Managing and Preventing Knee and Hip Pain

There are 2 schools of thought when it comes to managing hip and knee pain. 

You already know the classic is the medical route. This route includes rest, ice, cold and elevation (RICE), over the counter medications, prescription medications, physical therapy, steroid injections, and surgery.

The more conservative approach looks a little different.

  1. Chiropractic: Chiropractors focus on restoring proper alignment and function to the musculoskeletal system, which includes the spine, hips, and knees. By using manual adjustments and various techniques, chiropractors can help alleviate pain, improve joint mobility, and reduce muscle tension in the knee and hip regions.


  1. Exercise and Strengthening: Regular exercises that target the muscles around the hip and knee joints can help maintain joint stability and reduce the risk of pain.


  1. Losing Weight and Eating an Anti Inflammatory Diet: Everyone seems to know that getting excess weight off of your joints leads to less joint pain.

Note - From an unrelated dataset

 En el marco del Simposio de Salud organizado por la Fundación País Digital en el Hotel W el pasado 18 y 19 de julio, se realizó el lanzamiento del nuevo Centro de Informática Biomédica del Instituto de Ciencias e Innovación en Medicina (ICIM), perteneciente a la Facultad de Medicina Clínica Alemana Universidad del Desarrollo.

The lesser known component is eating a diet rich in fruits, vegetables, lean proteins, and omega-3 fatty acids can help reduce inflammation in the joints, which is often a key driver of hip and knee pain. By combining weight loss with an anti-inflammatory dietary approach, individuals may experience significant relief and enhanced overall joint health.

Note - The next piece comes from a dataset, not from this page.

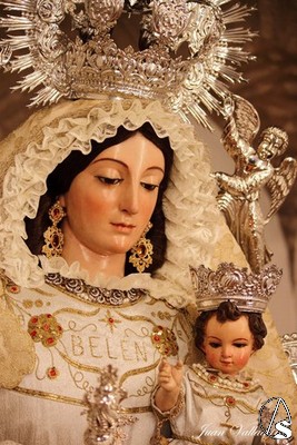 Arte Sacro. Siguiendo con los cultos a la Madre de Dios de Belén Coronada, el sábado 14 de febrero descenderá de su camarín para quedar expuesta en Besamanos, a las 19:30h en la celebración de la Santa Misa en la Ermita de Belén entonándose por el pueblo la Salve Regina y cantos a la Virgen mientras repican las campanas.
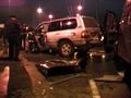 Після зіткнення водій автомобіля “БМВ”, втративши керування, виїхав на смугу зустрічного руху, де зіткнувся з автомобілем “Тойота-Ленд-Крузер”. В свою чергу “Тойота” зіткнулася з мікроавтобусом “Форд-Транзит”, що рухався позаду в попутному напрямку.

  1. Low Level Laser Therapy (LLL): Low-level laser therapy (LLLT), also known as cold laser therapy, is a non-invasive treatment that has shown promise in addressing knee and hip pain. LLLT involves the application of low-level laser light to the affected area, which is believed to stimulate cellular repair and reduce inflammation. When used for knee and hip pain, LLLT can potentially help alleviate discomfort by promoting tissue healing, improving blood circulation, and reducing pain and swelling. While research on the effectiveness of LLLT for knee and hip pain is ongoing, many individuals have reported positive outcomes with this therapy. 

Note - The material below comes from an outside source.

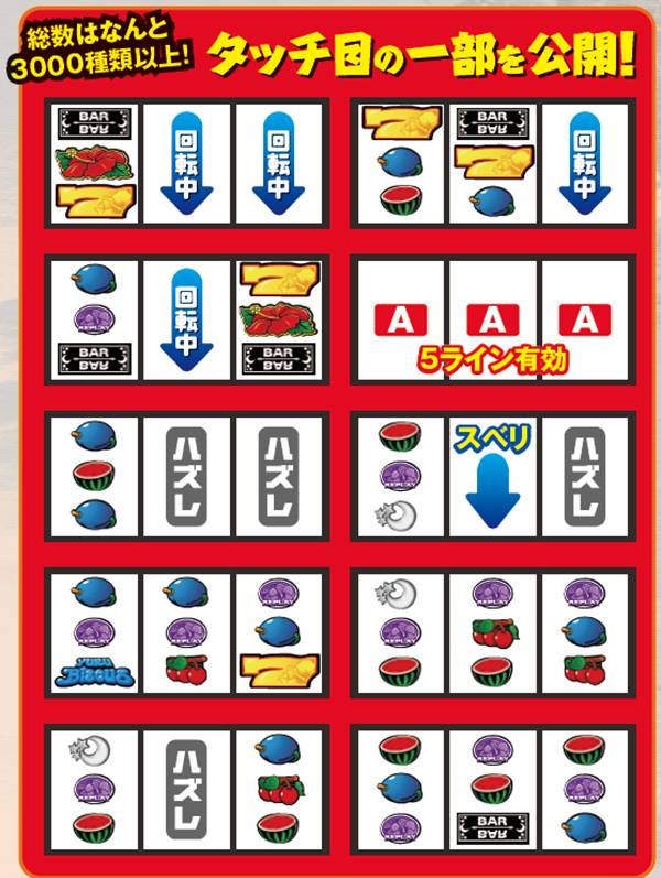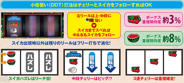 DDT打法手順は、左リール上or中段に3番チェリーを狙う、所謂チェリー落とし。スイカを引き込んだ際はスイカ成立が濃厚だが、ここでスイカがハズれた場合はリーチ目、即ちタッチ目となる。多くのタッチ目を見付けられれば、より一層興奮は高まるだろう。

5. Regenerative Medicine: Regenerative medicine offers promising avenues for addressing knee and hip pain. This innovative               field encompasses treatments like platelet-rich plasma (PRP) therapy and stem cell therapy, which aim to stimulate the                       body’s  natural healing processes. For knee and hip pain, these therapies can promote tissue repair, reduce inflammation,                 and enhance joint function. PRP injections, for instance, use a patient’s own concentrated platelets to accelerate healing in                 damaged joints. Stem cell therapy involves the use of stem cells, often derived from donated umbilical cords from healthy live             births, to regenerate damaged cartilage or tissues in the hip and knee joints


Knee pain can indeed cause hip pain due to the intricate relationship between these two joints and the surrounding musculature. Understanding this connection is essential for effective management and prevention of these discomforts. By addressing knee pain early, maintaining proper joint mechanics, and seeking professional guidance, you can reduce the likelihood of hip pain and enjoy a more comfortable and active life.